つまり、こちらは販売がいかに効率に優れようとも、けして「消費者が求める商品を売って」台数を稼いでいるのではなく、ゴリ押しで台数を計上しているだけなのかもしれません。

やはり業績は「消費者が求めるもの」を提供して伸ばすべき

そこでぼくが思うのが、トヨタ型は、効率が良くなくとも消費者が求める製品を幅広く用意し、消費者に選んでもらえる環境を作ろうとしていて、日産型は企業としての効率を優先し、消費者の要望を反映させないラインアップとなっている可能性がある、ということ。

簡単に言うと「消費者ファースト」なのか「企業(自社)ファースト」なのかということですが、やはり理想的なのは前者だろう、と考えています。

ただし消費者ファーストはお金がかかる

ただ、消費者ファーストの場合、上にあげたような「コスト」がかかるのも事実。
消費者の要望は移ろいやすく、同時多発的に多様化しているので、これに対応しようとすると企業側としてはかなりの苦労を強いられることになります。

そこでトヨタが進めているのが「パーツ共通化」であり、具体的には現行プリウスにて採用した「TNGA思想(この名称だけはどうにかならんかな・・・)」。

トヨタいわく、「開発工数はグルーピング開発や部品共用化を進めた結果、導入前のモデルに対して約25%を低減。

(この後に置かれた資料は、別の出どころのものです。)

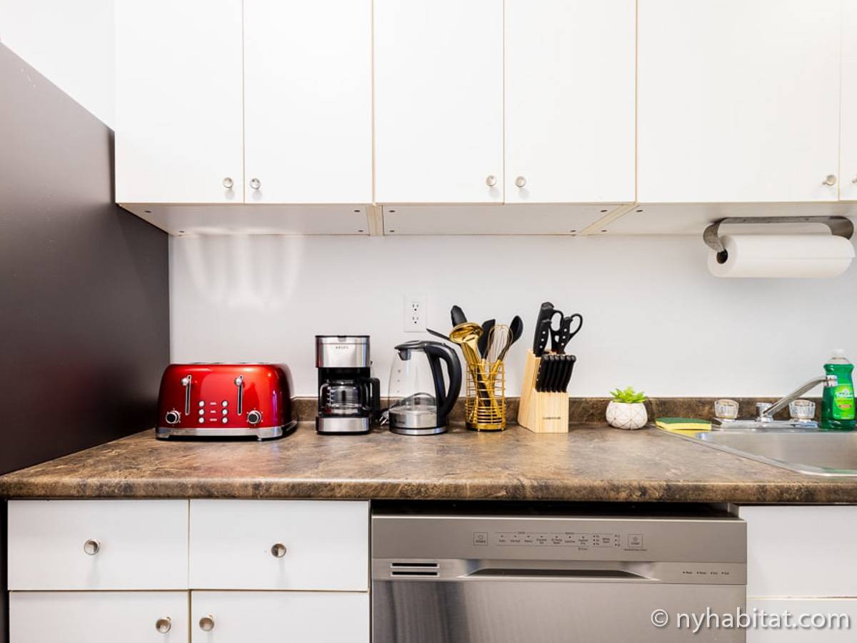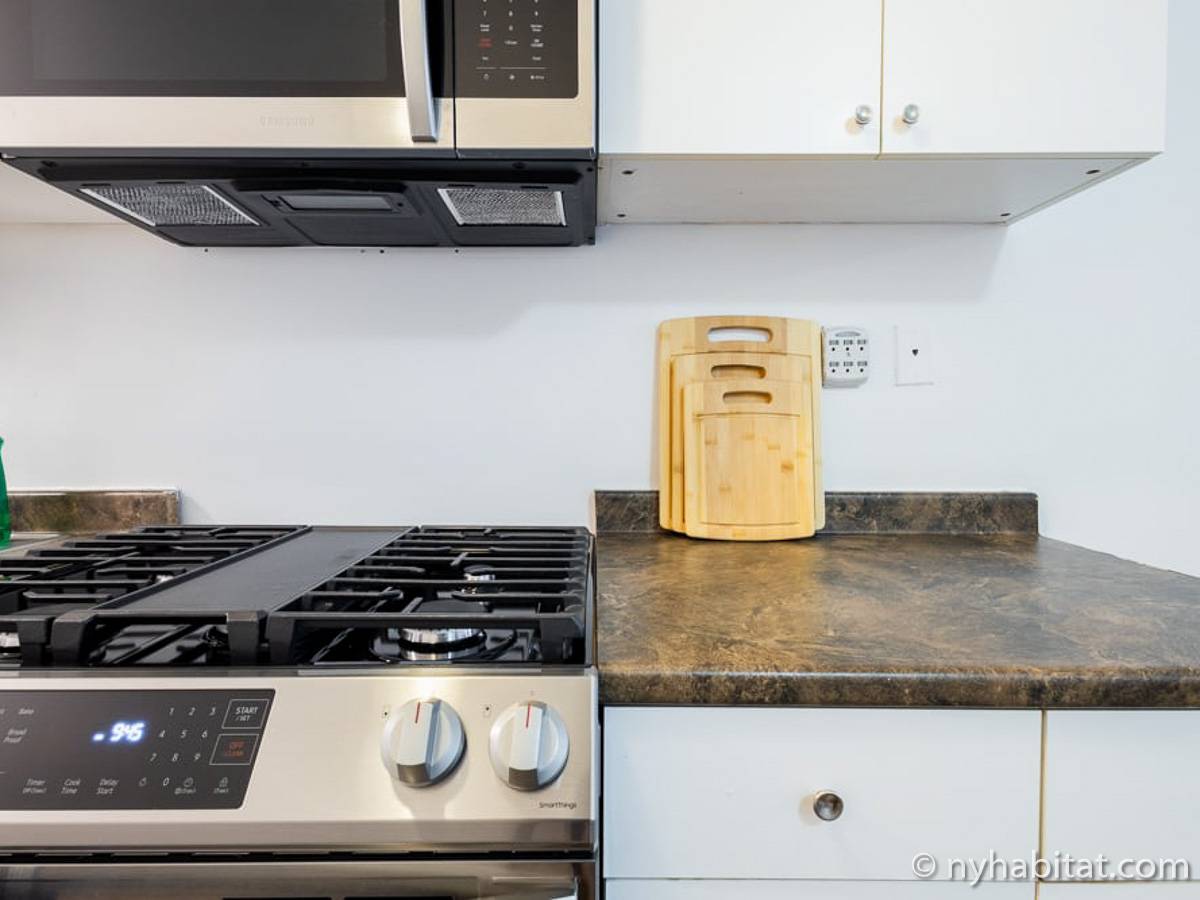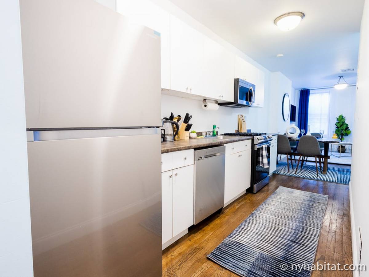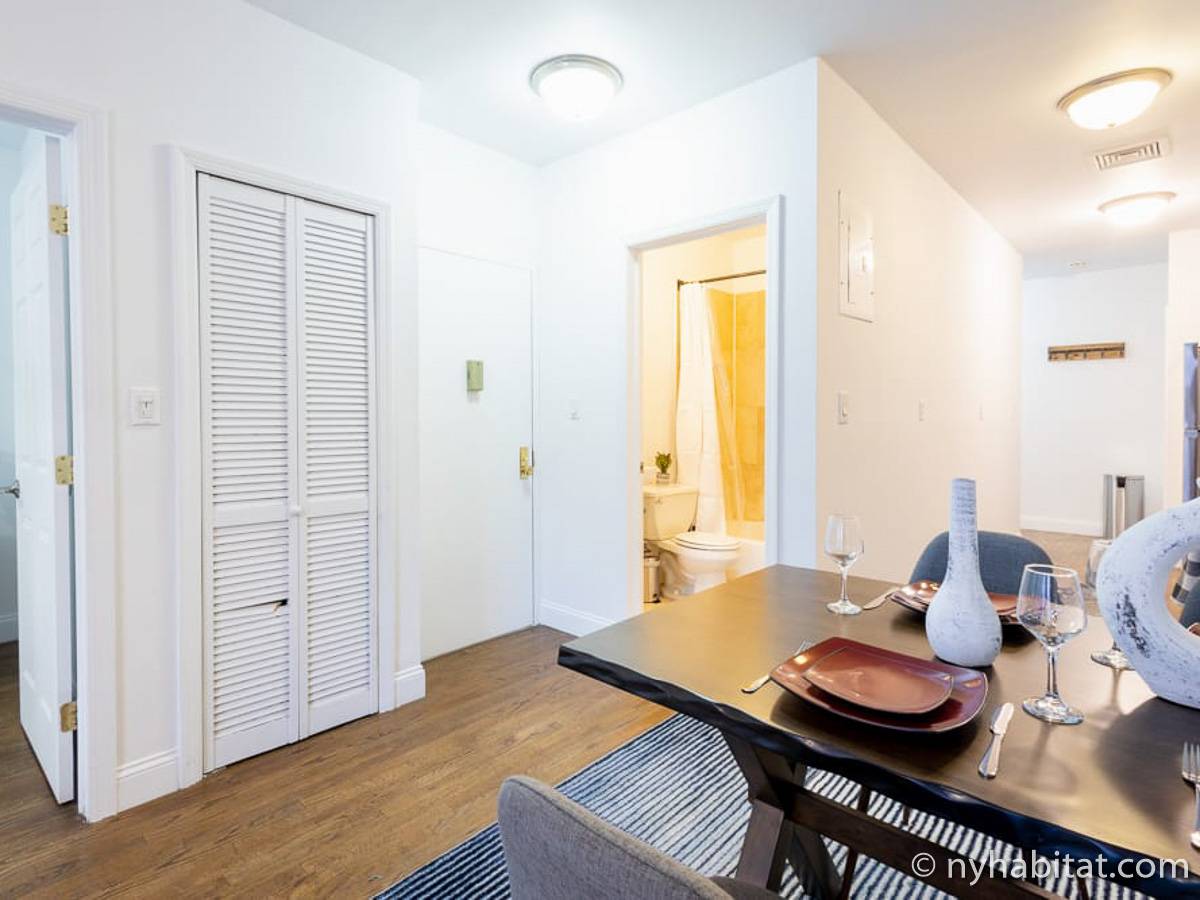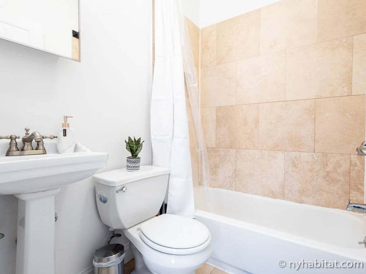 This Upper East Side furnished rental near the corner of 2nd Avenue and East 75th Street features a living room, kitchen, and in-unit laundry. In the living room, you can find a television, sofa, and dining area. Hardwood flooring here, and two windows, give the space a chic aesthetic. The open kitchen provides a stainless-steel refrigerator, freezer, oven, microwave, dishwasher, and coffee machine, as well as a toaster. All three bedrooms include a double-size bed, closet space, and air conditioning. The bathrooms have a shower with a built-in bathtub, and a pedestal sink.

ここで捻出した工数をCASE等の先行開発に充てている」 「クルマの導入に伴う設備投資は共有化が進んだ結果、同じ設備で効率的に複数のクルマが生産できるようになり、1ライン平均で約25%を低減。車両原価は構成部品の共有化、種類削減、生産工程の簡素化など徹底的に推し進めた結果、約10%低減することができた」。

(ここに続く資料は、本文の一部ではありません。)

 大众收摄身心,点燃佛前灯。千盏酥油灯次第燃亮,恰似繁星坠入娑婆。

反面、 「ただし車両販価は環境規制対応や安全装備の拡充などで、お客様の望むレベルには、まだまだ十分ではない状況だと思っている」「もっとお求めやすくご提供できるよう今後ともTPS(トヨタ生産方式)と原価低減に徹底的にこだわり、これらの取り組みをさらに加速させていく」とも述べていて、つまりは削減したコストを「ため込む」のではなく積極投資し、さらに魅力的な商品(クルマ)を作ることに役立てる、としているわけですね。

ぼくはこれについて「企業の鑑のようだ」と考えていますが、実際にトヨタは新型RAV4について「 TNGAの最初頃に出した『プリウス』と比べても2-3年経つので、その成果がしっかり表れていて、商品力はしっかり上がりながら、スターティングプライスもお手頃な価格260万円からということで、お金に余裕がそんなにあるわけではない30代以下の若いお客様が(購入者の)45%を占めている」 「やはりトヨタのクルマというのは、お客様の求めているクルマをより廉価で出すというこが一番大事だと思う。今年9月に出るカローラ、来年出るコンパクトカーは、より価格的に厳しい(カテゴリーの)クルマだから、お客様の期待に対応できるような価格で出したいと思っているので、是非、期待して欲しい」 とも述べており、こういった「正のサイクル」こそが必要である、と認識しています。

よって、日産についても「コストを削減」ばかりではなく、今は辛くとも、将来のために「今から魅力ある商品作り」をはじめ、サイクルを正してゆくことが必要なのでしょうね。

たしかに車種を削ればコストも下がりますが、競争が厳しく、新型車、そして消費者が求めるようなクルマがなければ「買ってもらえない」という現状において、車種を絞るということは、自らの首を締める選択であると言えるのかもしれません。